Fostering Innovation - How New Zealand Performs
The New Zealand picture on business innovation is mixed. Though the data show a healthy, flexible economy with the potential for high rates of innovation and productivity growth, we still have low rates of R&D, capital investment and investment in ICTs. Government provides or funds significant inputs to business - particularly education and training, research, science and technology, and infrastructure. Better identification of issues affecting firms' international competitiveness and coordination of public and private investments will improve the probability of successful innovation and help build scale through improved linkages. More directly, government also provides assistance through industry capability development and export promotion programmes.
Supporting innovation, New Zealand has:
- low barriers to firm start-ups and high rates of firm turnover
- a sound framework of business regulation and openness to trade, which keeps competitive pressures on domestic businesses
- high levels of participation in tertiary education and a moderately well-skilled workforce
But New Zealand also has:
- low (though fast growing) rates of R&D and particularly low rates of business R&D. While this largely reflects our industry structure and relative lack of large firms, the strong correlation between R&D and productivity growth suggests grounds for concern.
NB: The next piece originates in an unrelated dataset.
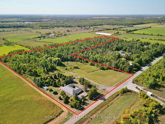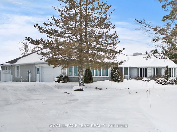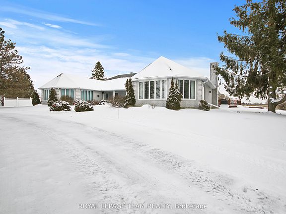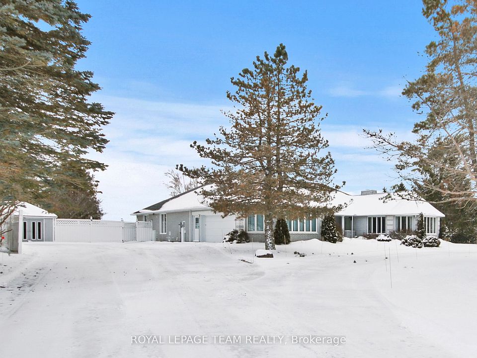 Nestled on more than 18 acres of serene woodland, this expansive brick bungalow offers far more than a residence-it delivers a refined country lifestyle. A stately circular drive & covered porch, accented by graceful hip rooflines, set the tone for classic style. Inside, the welcoming foyer flows into a bright open-concept design. The gourmet kitchen features warm wood cabinetry, granite counters, a large island w/extended breakfast bar, & built-in stainless appliances; wall oven, gas cooktop, and a dedicated barista station. A sun-filled window above the sink captures calming rural views. Tile continues through the kitchen, while hardwood with custom inlay defines the oversized great room, complete with built-ins and an inviting FPL. Garden doors from both the great room & dining area lead to a stunning sunroom bathed in light, opening onto a generous deck for effortless indoor-outdoor living. A spa-style hot tub retreat showcases sweeping views of nature. The main floor hosts 2 spacious bedrms, led by an elegant primary suite w/WIC, fireplace, spa-inspired ensuite w/double vanity & custom shower, and private deck access. A second 4-pce bath, laundry, and wide corridors complete the level. Downstairs, the fully finished lower level offers exceptional flexibility with a recreation and games room + FLP, fitness area, wet bar, home theatre, den/bed, cold storage, 3-pce bath, & hobby room. The opposite wing features 2 self-contained one-bed in-law suites, each with living rm, kitchen, 4-pce bath, private side entrance, shared foyer, & laundry-ideal for multigenerational living, guests, or rental potential. Outdoor amenities include 2 decks, a spacious covered porch, and a 3-car garage w/interior access to both levels. Added value: 2023 whole-home generator, geothermal heating & cooling, fibre internet, & 4 fireplaces. The forested acreage inspires endless opportunities - trails, snowshoeing or skiing, equestrian centre, or creating a hobby farm in Ashton, min to Hwy 7.

- low numbers of researchers, scientists and engineers in the private sector
- business investment rates that have been lower than the OECD median for most of the years from 1987-2003, though increasing rapidly over the last few years
- rates of investment in ICTs that are in the lower half of the OECD
- low uptake of broadband (in terms of percentage of population subscribing). A consequence is a limited broadband infrastructure with lower benefits to firms and higher costs.
- technological networks, important because they facilitate the transfer of knowledge and technology developed elsewhere, that appear to be weak.